Tuesday, November 10, 2009

Teacher evaluations are worthless: teachers almost always get good evaluations

Jay Mathews at the Washington Post opines that schools should be able to evaluate, reward, promote or dismiss teachers however they want. He notes that most teacher evaluation systems end up giving good evaluations to almost everybody.
--Emily Alpert's Bright and Early

Forget about rating teachers---rate schools instead.
Washington Post

Those unfortunate people in the District may worry about the quality of their teachers, and wait anxiously for the results of the school system’s controversial new evaluation of classroom techniques and test score improvement. But those of us in the Washington area suburbs don’t have to worry because we already know that close to 100 percent of our teachers are entirely satisfactory. How? Our school districts say so.
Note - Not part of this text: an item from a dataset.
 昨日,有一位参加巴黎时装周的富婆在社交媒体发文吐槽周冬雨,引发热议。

I asked suburban school officials to share the latest results from their teacher evaluations, which are usually done by principals and subject specialists. Here are the percentages of teachers rated satisfactory, in some cases called meeting or exceeding the standard: Alexandria 99 percent, Calvert 99.8 percent, Charles 98.4 percent, Culpeper 97 percent, Fairfax 99.1 percent, Falls Church 99.55 percent, Loudoun 99 percent, Montgomery 95 percent, Prince George’s 95.56 percent, and Prince William 98.3 percent.

Anne Arundel, Arlington, Fauquier and Howard, and Manassas City say they don’t collect such data. Carroll says it is doing it for the first time and hasn’t finished yet.
Those numbers in the high 90s sound good, but they don’t impress some advocates of better teaching. Near perfect teacher evaluation passing rates are common throughout the country.
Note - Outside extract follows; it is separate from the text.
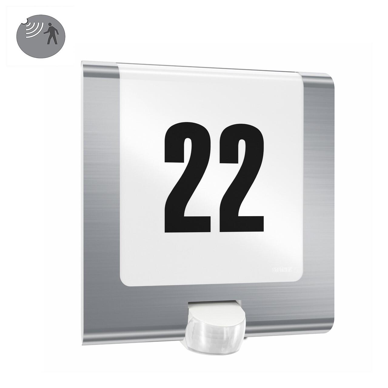 Luce con valore informativo. Moderna lampada a sensore LED per esterni L 220 LED, con ampia superficie anteriore quadrata per l'applicazione del numero civico autoadesivo. Morbida ed invitante luce ambiente per la zona d'ingresso. Flusso luminoso di 550 Im con un consumo di energia di soli 7,5 Watt. Angolo di rilevamento di 180°, raggio d'azione di 10 m. Inclusi cifre e lettere minuscole adesive, con cui si può comporre il proprio numero civico.

One reason why D.C. Schools Chancellor Michelle A. Rhee has launched her complex IMPACT evaluation of the District’s teachers is that the research and training organization she founded, the New Teacher Project, is a sworn enemy of those standard evaluation systems. Since teacher ratings in most districts are as discerning as peewee soccer award night, with everyone getting a trophy, why bother?

The standard evaluation system “not only keeps schools from dismissing consistently poor performers, but also prevents them from recognizing excellence among top performers or supporting growth among the broad plurality of hard working teachers who operate in the middle of the performance spectrum,” said a recent New Teacher Project report.

The organization studied 12 districts, including Chicago, Denver, Cincinnati and Little Rock, in four states and found that less than one percent of teachers were rated unsatisfactory. Yet a survey of 15,000 teachers and 1,300 administrators in those districts found that 59 percent of the teachers and 63 percent of the administrators believe their district was not doing enough to identify, compensate, promote and retain the most effective teachers.

School officials in the Washington suburbs say they don’t have that problem. They are helping teachers build their skills, they say, even if that work is not reflected in their evaluation summaries. “Principals and supervisors work hard with teachers to improve instruction,” said Keith Hettel, assistant superintendent, human resources, in Charles County.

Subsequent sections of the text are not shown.